Grantee Research Project Results
2005 Progress Report: Assessment of Natural Source (Geologic and Vegetation) Mercury Emissions: Speciation, Mechanisms and Significance
EPA Grant Number: R829800Title: Assessment of Natural Source (Geologic and Vegetation) Mercury Emissions: Speciation, Mechanisms and Significance
Investigators: Gustin, Mae Sexauer , Zehner, Richard E. , Rytuba, James J. , Johnson, Dale W. , Sedinger, Ben , Hanson, Brian , Zhang, Hong , Ericksen, Jody , Fay, Laura , Martindale, Lindsey , Engle, Mark , Xin, Mei , Markee, Melissa , Weisberg, Peter , Pillai, Rekha , Lyman, Seth , Lindberg, Steve , Kuiken, Todd , Ellis, Tyler
Current Investigators: Gustin, Mae Sexauer , Zehner, Richard E. , Rytuba, James J. , Johnson, Dale W. , Hatchett, Ben , Sedinger, Ben , Hanson, Brian , Peterson, Christianna , Weaver, Coty , Zhang, Hong , Stamenkovic, Jelena , Ericksen, Jody , Fay, Laura , Martindale, Lindsey , Engle, Mark , Xin, Mei , Markee, Melissa , Weisburg, Peter , Pillai, Rekha , Lyman, Seth , Lindberg, Steve , Kuiken, Todd , Ellis, Tyler
Institution: University of Nevada - Reno , United States Geological Survey , University of Tennessee , Tennessee Technological University
Current Institution: University of Nevada - Reno , Desert Research Institute , Tennessee Technological University , United States Geological Survey , University of Tennessee
EPA Project Officer: Chung, Serena
Project Period: January 1, 2003 through December 31, 2005 (Extended to December 31, 2007)
Project Period Covered by this Report: January 1, 2005 through December 31, 2006
Project Amount: $891,545
RFA: Mercury: Transport, Transportation, and Fate in the Atmosphere (2001) RFA Text | Recipients Lists
Research Category: Heavy Metal Contamination of Soil/Water , Air Quality and Air Toxics , Safer Chemicals , Air
Objective:
The major objective of this research project is to develop datasets and process level information on mercury (Hg) fluxes between soil, vegetation, and air that will allow us to assess the significance of natural source Hg emissions relative to anthropogenic emissions for the United States.

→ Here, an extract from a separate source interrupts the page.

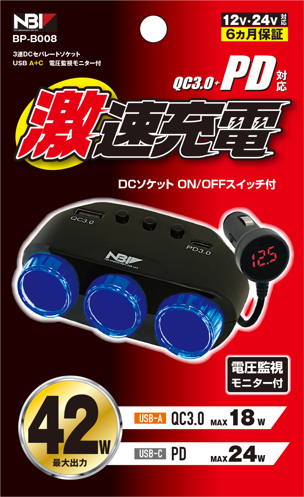 車用充電器 激速充電 3連DCセパレートソケットUSB A+C 電圧監視モニター付き (BP-B008)

We are working towards this major objective by way of five sub-objectives: (1) quantify Hg emissions from representative sources that have significant terrestrial coverage including geologically naturally Hg enriched areas, background areas, and biotic sources (plants and forest fires); (2) develop process level information on gaps in our understanding of micrometeorological parameters and substrate characteristics controlling Hg emission and deposition to and from soils; (3) quantify the potential for re-emission of elemental and reactive Hg by substrates; (4) investigate the speciation of atmospheric Hg associated with naturally enriched sites; and (5) using a GIS framework, scale natural source Hg emissions for the United States.
Progress Summary:
Objective 1
Data have been collected and compiled for three geothermal areas in geologically distinct areas; and areas of background soils in Oklahoma, Wisconsin, Colorado, California, North Dakota, Nevada, and Tennessee. A long-term dataset of Hg flux measurements has been completed for a field site in Tennessee. Field sampling was done in five forested areas within state parks from South Carolina to Maine during a month-long field initiative in May to June 2005.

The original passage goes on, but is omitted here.